Best way to inplace alter a list going into postgres
Steven D'Aprano
steve+comp.lang.python at pearwood.info
Tue May 31 01:58:25 EDT 2016
On Tuesday 31 May 2016 14:27, Sayth Renshaw wrote:
>
> Hi
>
> What is the best way to inplace alter a list going into a postgres database
Is it relevant where it is going?
What you do with the list after you alter it is irrelevant -- perhaps you will
insert it into an Oracle database, or a place it in a dict, or print it. The
only reason it might be relevant is if Postgres can do the work for you, so you
don't need to split it in Python. And that's probably a question for a Postgres
group, not a Python group.
> using split but being sure that the order of items remains correct.

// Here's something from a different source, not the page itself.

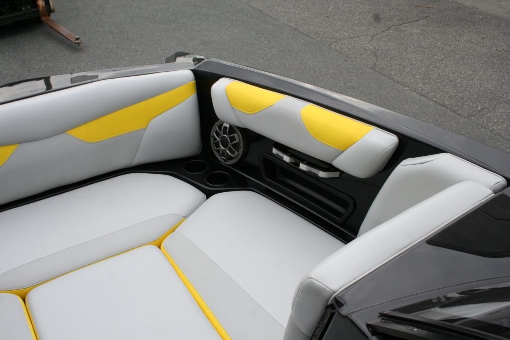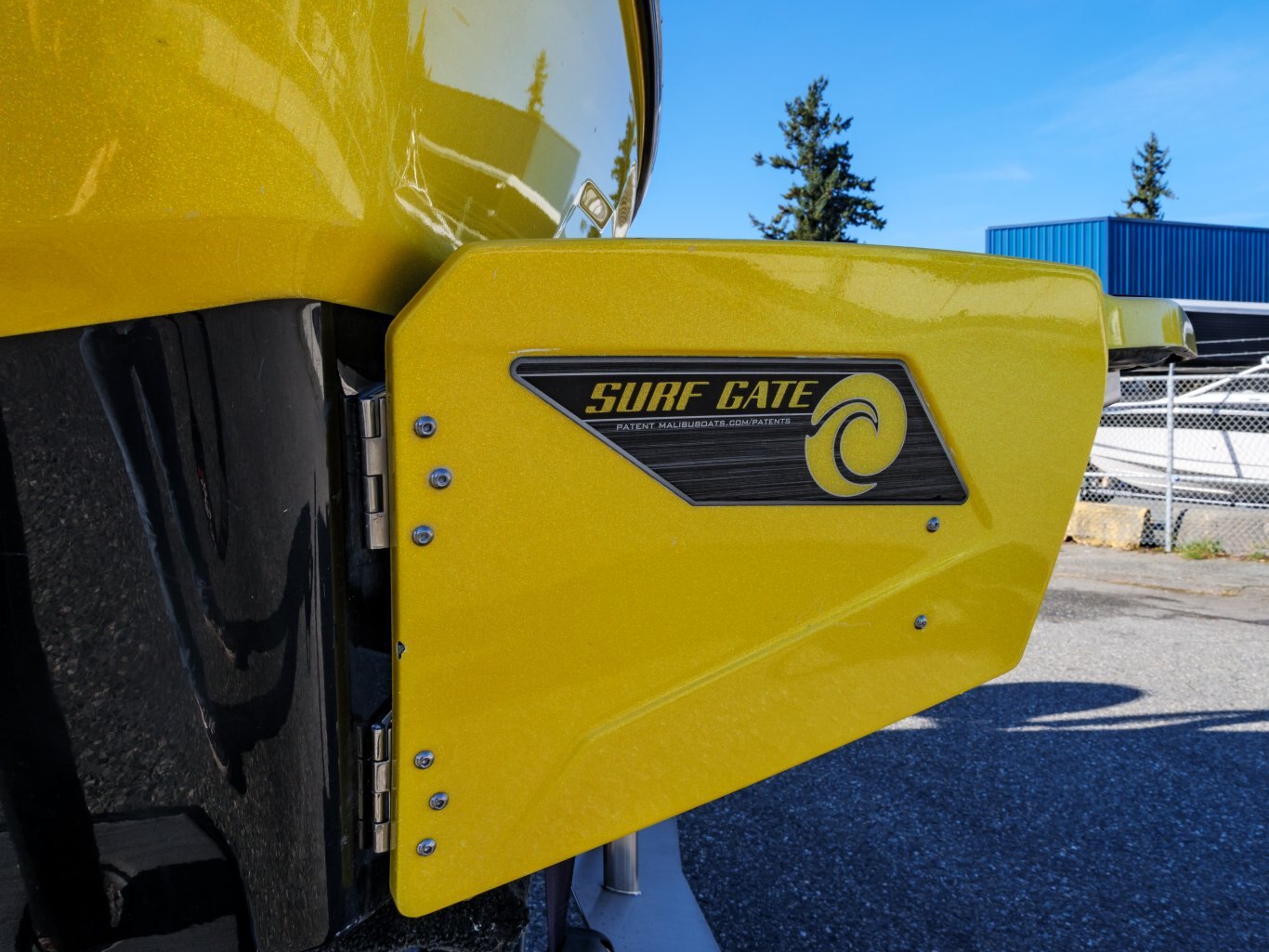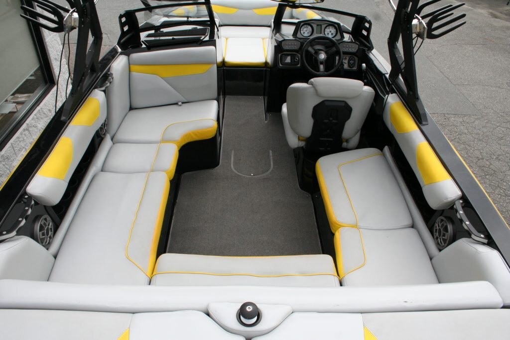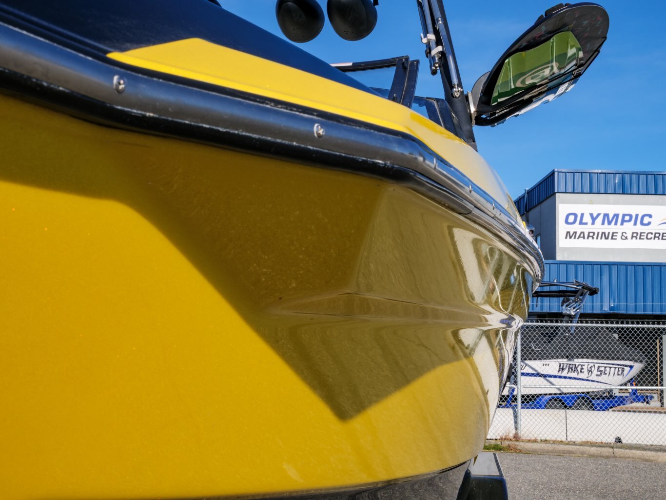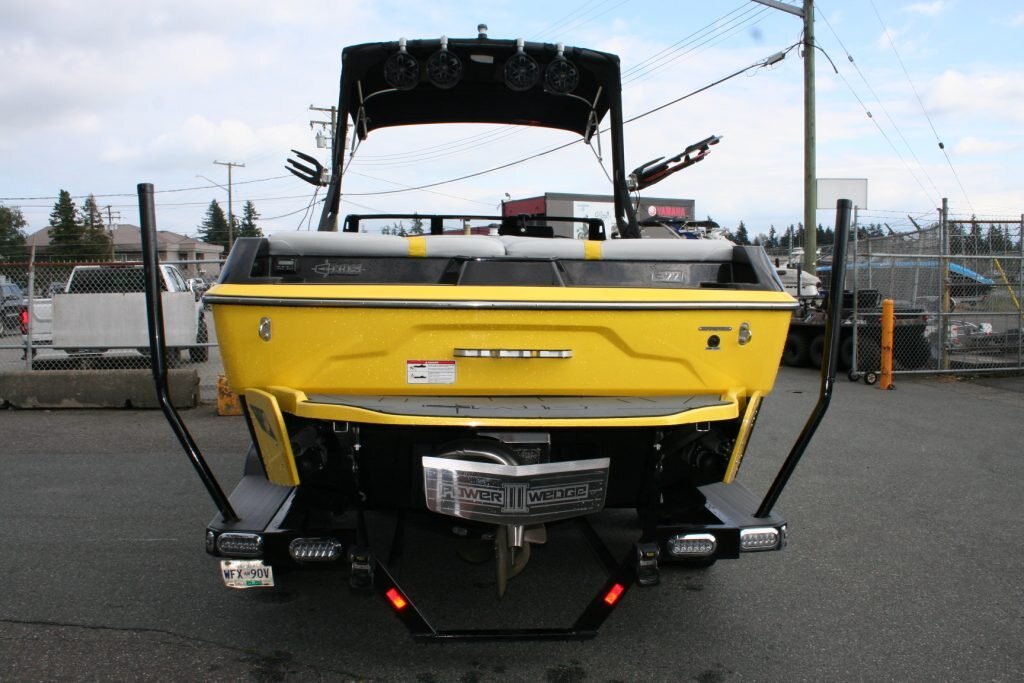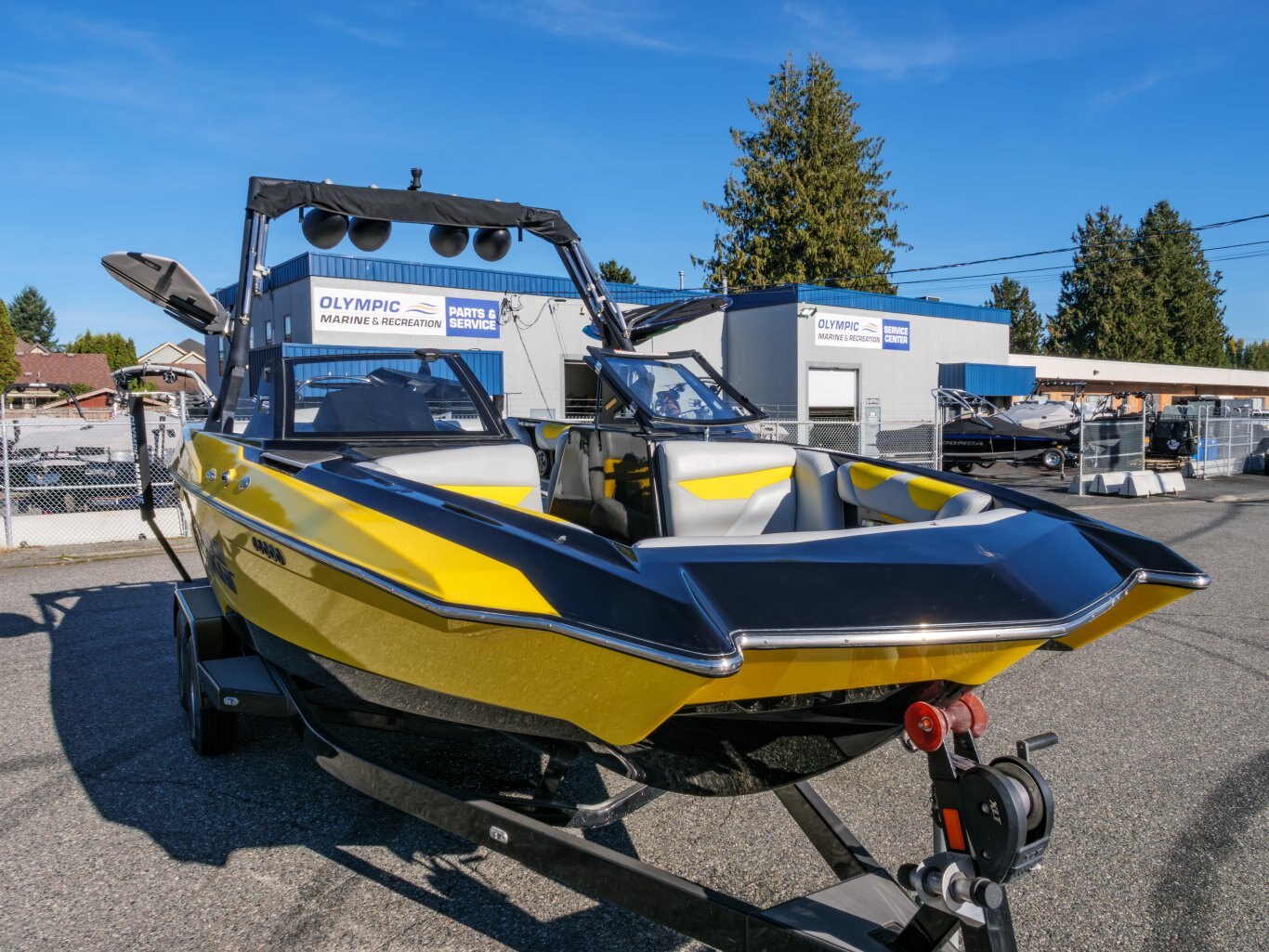 A High resolution Heavy Metallic Yellow (This Boat absolutely glows on the water)  Featuring the PCM Monsoon 409 engine, Dual battery set up, Pull up cleats, Power Wedge 3, Surfgate with surfband, Wet Sounds audio system, 10″ subwoofer, Wet Sounds tower speakers, Fire suppression system, Flip up bolster drivers seat, Snap out carpet, Bimini top, Boat cover, Heater, Tandem axle. Malibu trailer with swing tongue.

To modify a list *in place* is tricky. You can use slicing, which is easy, but
because the size of the list changes you need to work backwards from the end.
I will use 'x' for fields that don't change, and suppose you wish to split
fields 9, 10, 11 and 12. (Remember that Python counts starting from 0, not 1.)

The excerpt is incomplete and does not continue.